Given the entries below, would you transcribe exactly the lines starting at the one with "Evolusjonspsykologi undersøker hvordan" and ending at the one with "衞生防護中心傳染病處主任張竹", both kept, pictures omitted, nothing extra?

§ DATA PROVIDED
◇ ◇ ◇

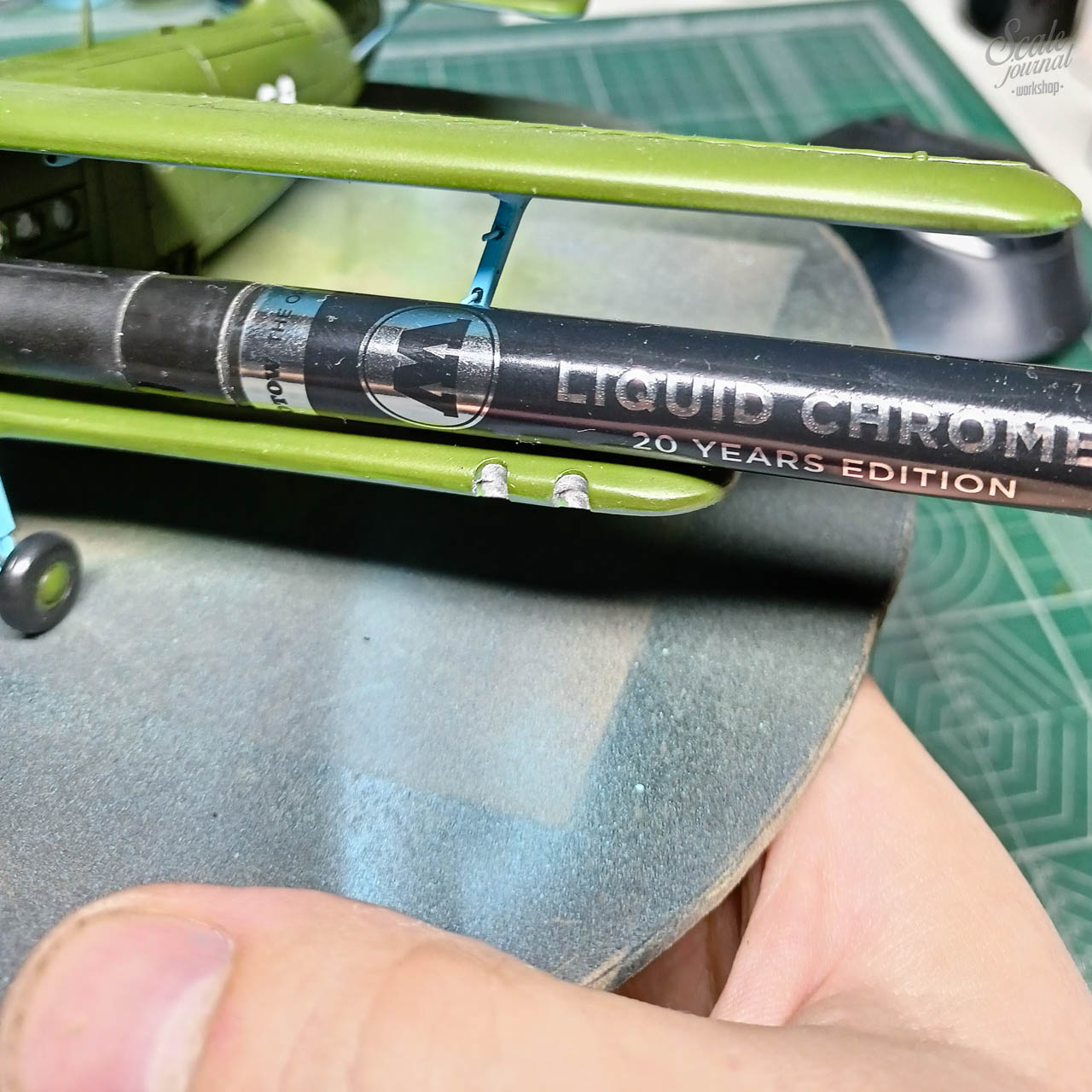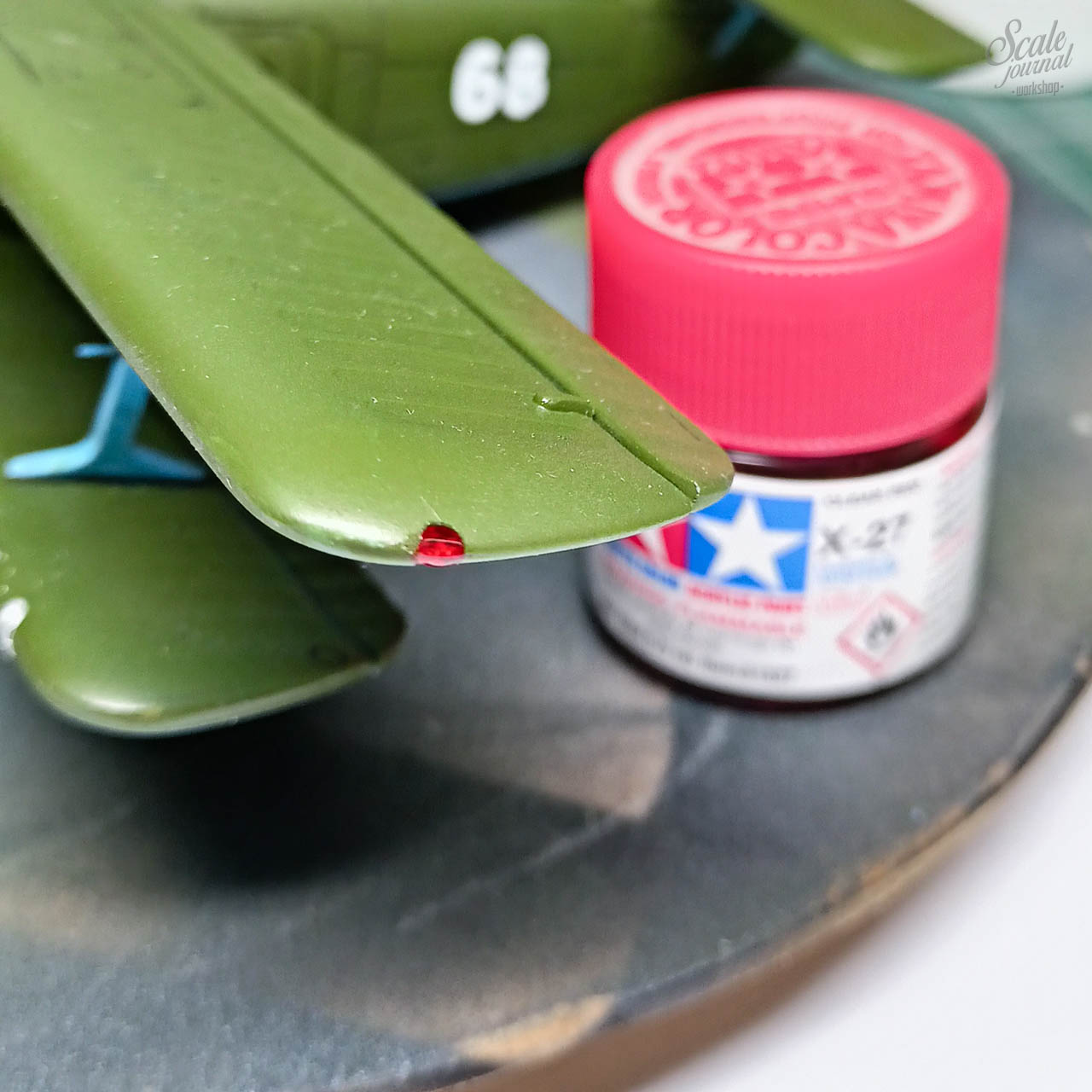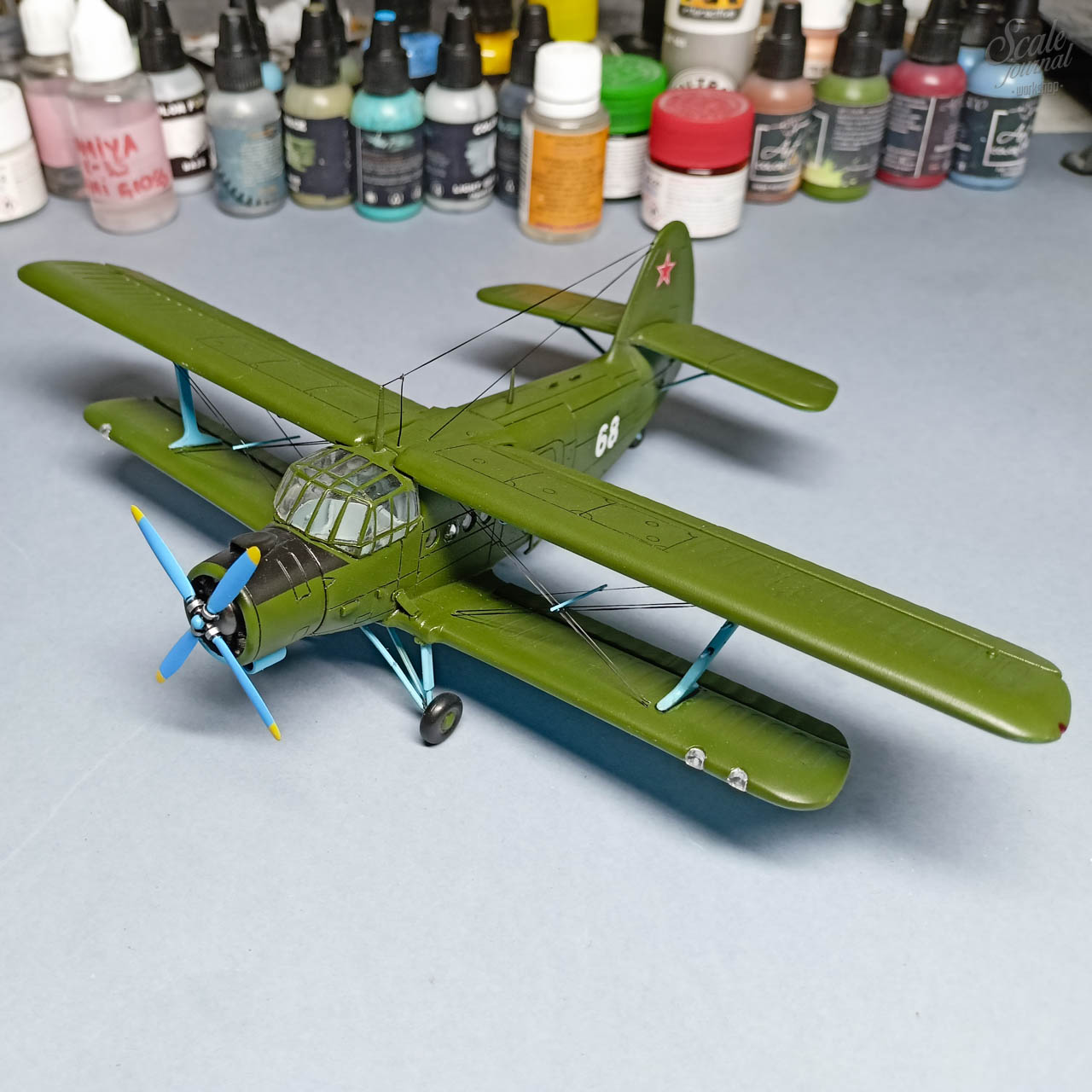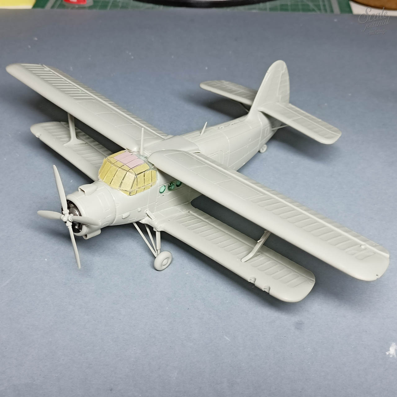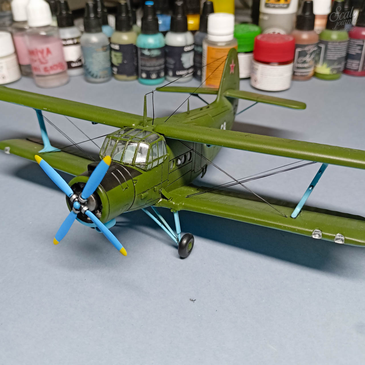 Потом нанес базовый АМТ-4 зеленый на оставшуюся часть самолета и снова поработал масками в районе капота двигателя.
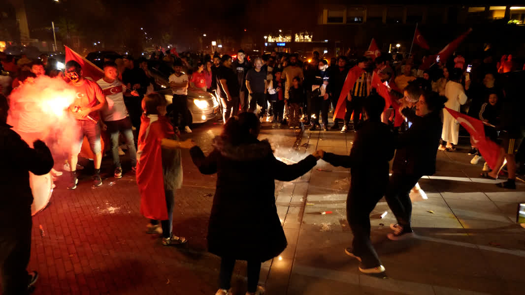Het was voor de Turkse supporters afzien tijdens de spannende wedstrijd, die uiteindelijk met 2-1 werd gewonnen van Oostenrijk. Niet lang na het laatste fluitsignaal verzamelden honderden mensen zich voor het gemeentehuis bij de stad. Met een hoop getoeter, muziek, dans en burn-outs vierden de supporters de winst van Turkije. “Dit is eigenlijk onze traditie”, zegt een van de feestvierende supporters. “Normaal doen we toeteren, maar we moeten ook een beetje aan de wijken om ons heen denken.”
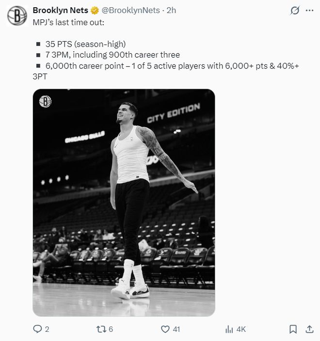 赛前篮网官方就晒出小波特上一场拿到35分(赛季新高),命中7个三分球后生涯完成900+三分大关,生涯总得分超6000+,现役只有5人完成6000分+且三分命中率超过四成。
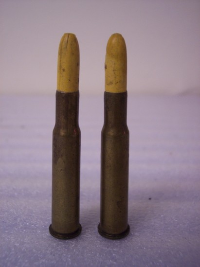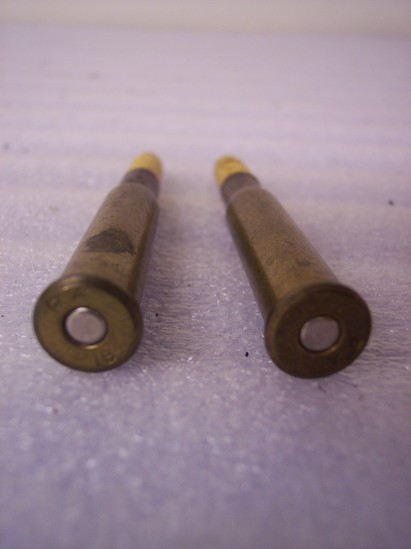 Two bullets, brass body with wood tip. Cap on bottom where gun powder poured in.
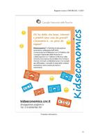 RT 11; “Kidseconomics®" is the educational activity developed by CNR to introduce the basic concepts of economics in primary and lower secondary school education. In the first 5 years of activity it has reached about 6,000 students. Starting from the school year 2019/2020, the didactic proposal also includes laboratories, workshops and school/work alternation projects designed to meet the curiosity and skills of students of higher school grades. The contents therefore present a growing level of in-depth analysis, but the proposed methods and involvement remain those of informal teaching.
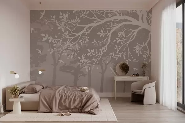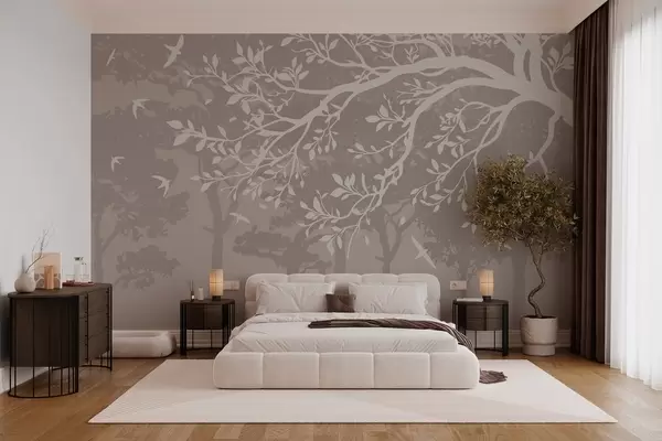Fototapet silhuett av en krämig trädgren med fåglar, på bakgrunden av skogen Nr. w03116
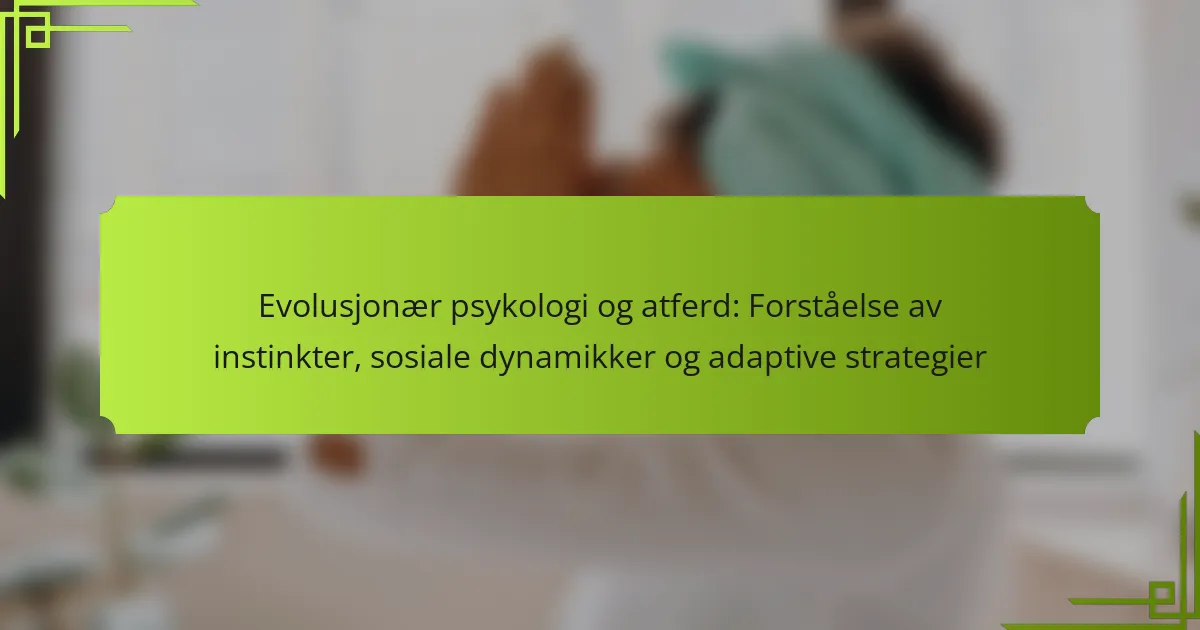 Evolusjonspsykologi undersøker hvordan menneskelig atferd formes av evolusjonsprosesser. Den fokuserer på instinkter, sosiale dynamikker og adaptive strategier som har utviklet seg over tid. Dette feltet antyder at mange atferder er forankret i forfedres overlevelsesmekanismer. For eksempel blir samarbeid og konkurranse sett på som adaptive strategier som forbedrer reproduksjonssuksess. Å forstå disse dynamikkene gir innsikt i moderne menneskelige interaksjoner og psykologiske trekk.
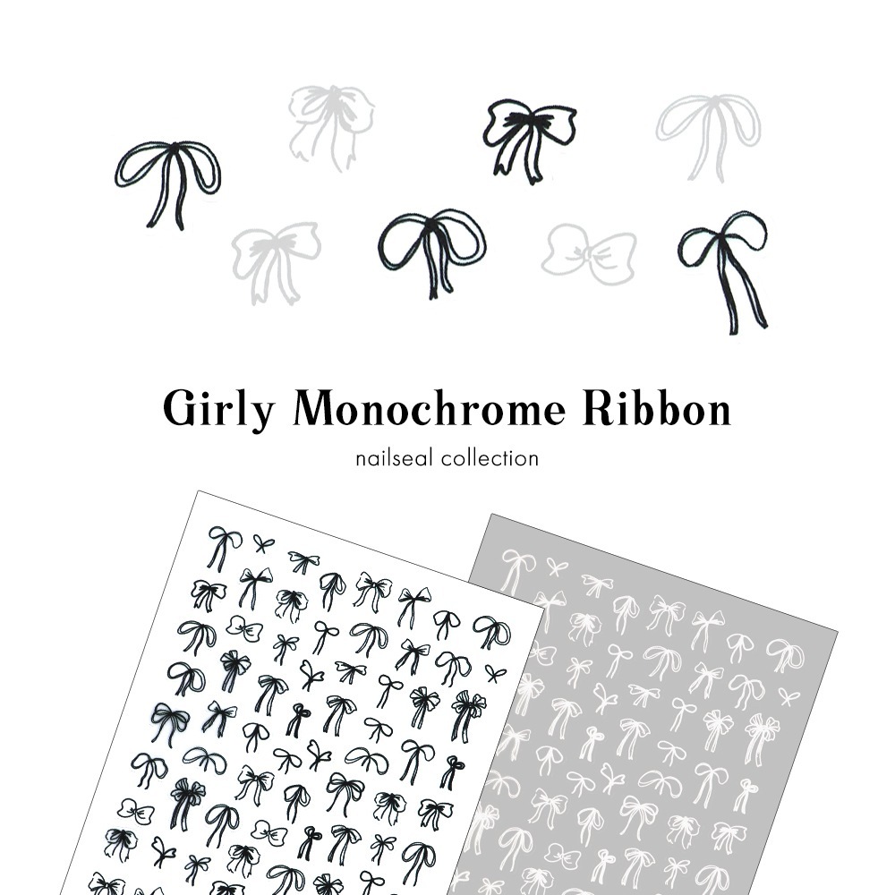 【ネコポス送料無料】ネイルシール ガーリーモノクロリボンシール [ホワイト 白/ブラック 黒] 全2色
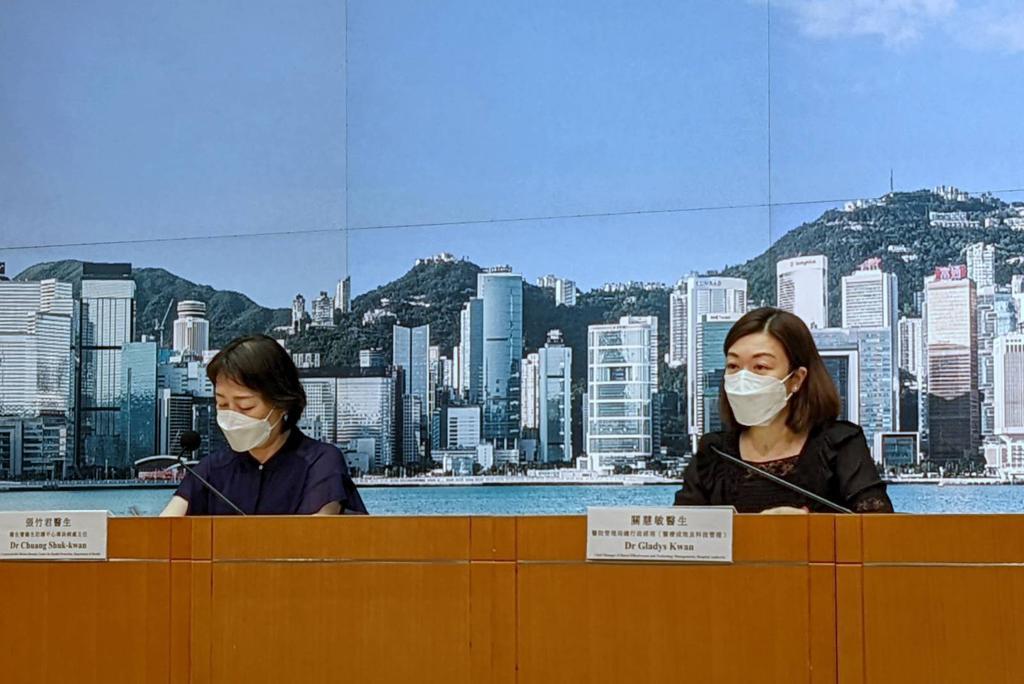 衞生防護中心傳染病處主任張竹君(左)和醫管局總行政經理關慧敏(右)出席新型肺炎疫情記者會。(羅庸軒攝)
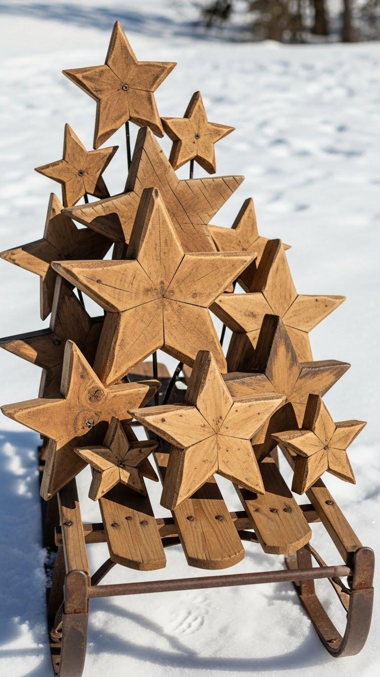 Kick things off by grouping a few rough-cut wooden stars of different sizes so you can see how they’ll sit on the sled; this cluster gives a warm, handmade focal point that complements painted or stained wood. Secure weatherproof stars with outdoor adhesive or screws, mix reclaimed finishes for contrast, and position the cluster where it won’t catch snow—simple, bold, and free-spirited.
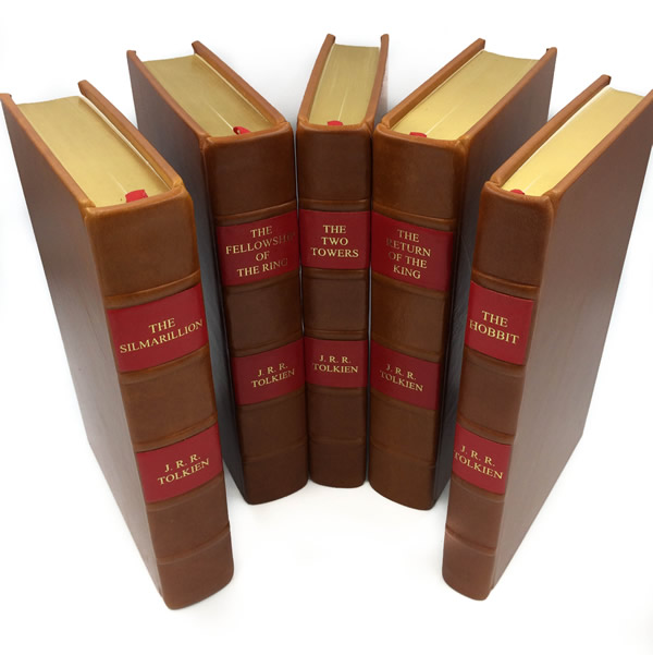 Bound in traditional style in fine leather, each volume is top-edge gilt in gold, with the book title and author foil-blocked onto coloured labels, which are then affixed to the spine. We pride in the detail, and match the top and tail bands and ribbon.
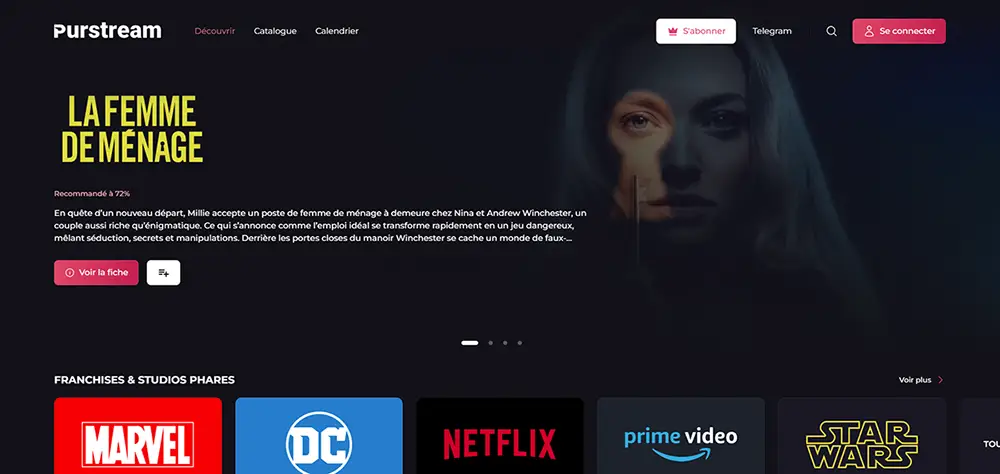 Purstream mise sur une expérience utilisateur optimisée grâce à une interface moderne et ergonomique. Le site offre un vaste catalogue de films et séries, disponibles en VF et VOSTFR, avec une qualité HD pour un visionnage agréable.

◇ ◇ ◇

§ SOLVED PROBLEM
 Evolusjonspsykologi undersøker hvordan menneskelig atferd formes av evolusjonsprosesser. Den fokuserer på instinkter, sosiale dynamikker og adaptive strategier som har utviklet seg over tid. Dette feltet antyder at mange atferder er forankret i forfedres overlevelsesmekanismer. For eksempel blir samarbeid og konkurranse sett på som adaptive strategier som forbedrer reproduksjonssuksess. Å forstå disse dynamikkene gir innsikt i moderne menneskelige interaksjoner og psykologiske trekk.
 【ネコポス送料無料】ネイルシール ガーリーモノクロリボンシール [ホワイト 白/ブラック 黒] 全2色
 衞生防護中心傳染病處主任張竹君(左)和醫管局總行政經理關慧敏(右)出席新型肺炎疫情記者會。(羅庸軒攝)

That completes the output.